**Work instruction:**
Reproduce only what runs from the line containing "蓝色闪耀冰晶雪花冬日梦幻背景" to the line containing "A two-sided drawing." in the records below, inclusive. Keep it exact, and keep the pictures out.

**Data extracts:**
--------------------------------
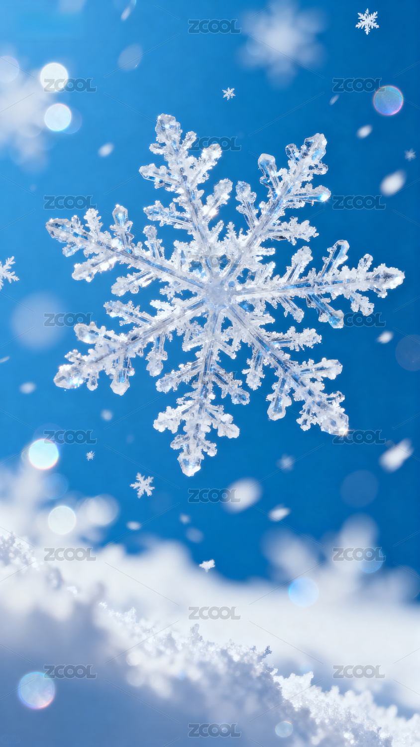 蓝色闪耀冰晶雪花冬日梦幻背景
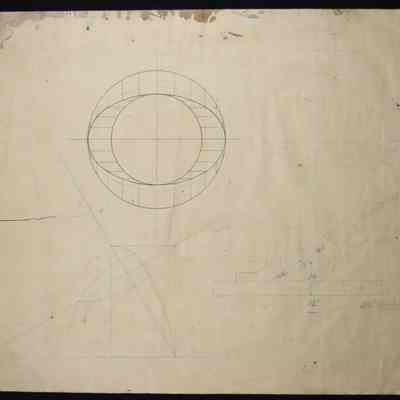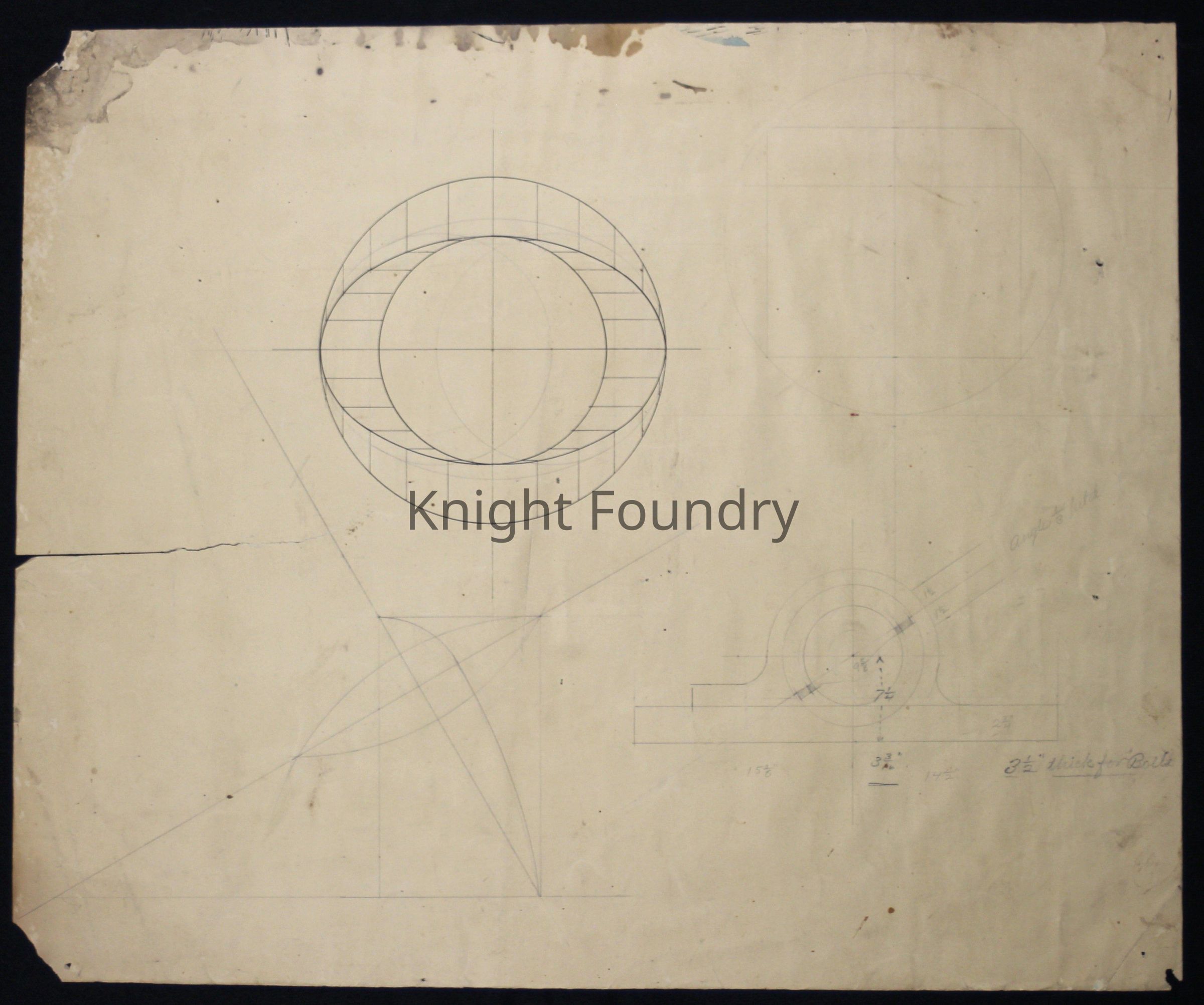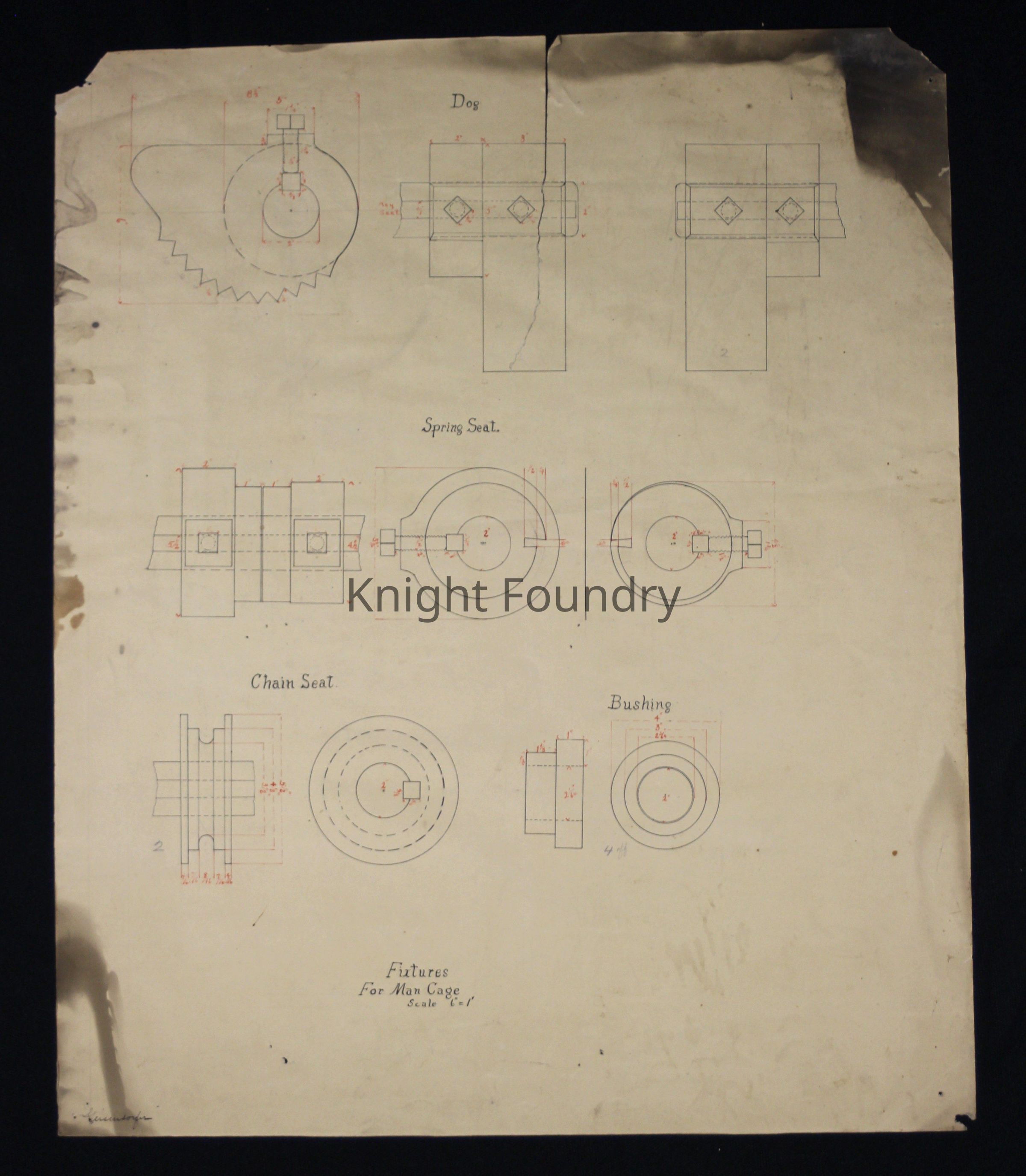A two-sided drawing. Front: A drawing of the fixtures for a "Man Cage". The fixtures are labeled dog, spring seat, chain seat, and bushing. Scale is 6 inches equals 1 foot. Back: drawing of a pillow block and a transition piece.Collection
--------------------------------
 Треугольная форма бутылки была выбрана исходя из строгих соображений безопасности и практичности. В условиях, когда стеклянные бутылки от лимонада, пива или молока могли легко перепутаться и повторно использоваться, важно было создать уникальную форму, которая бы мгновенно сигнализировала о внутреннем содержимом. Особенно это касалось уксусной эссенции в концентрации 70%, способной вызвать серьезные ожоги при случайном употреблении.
--------------------------------
**Response for this exercise:**
 蓝色闪耀冰晶雪花冬日梦幻背景
A two-sided drawing. Front: A drawing of the fixtures for a "Man Cage". The fixtures are labeled dog, spring seat, chain seat, and bushing. Scale is 6 inches equals 1 foot. Back: drawing of a pillow block and a transition piece.Collection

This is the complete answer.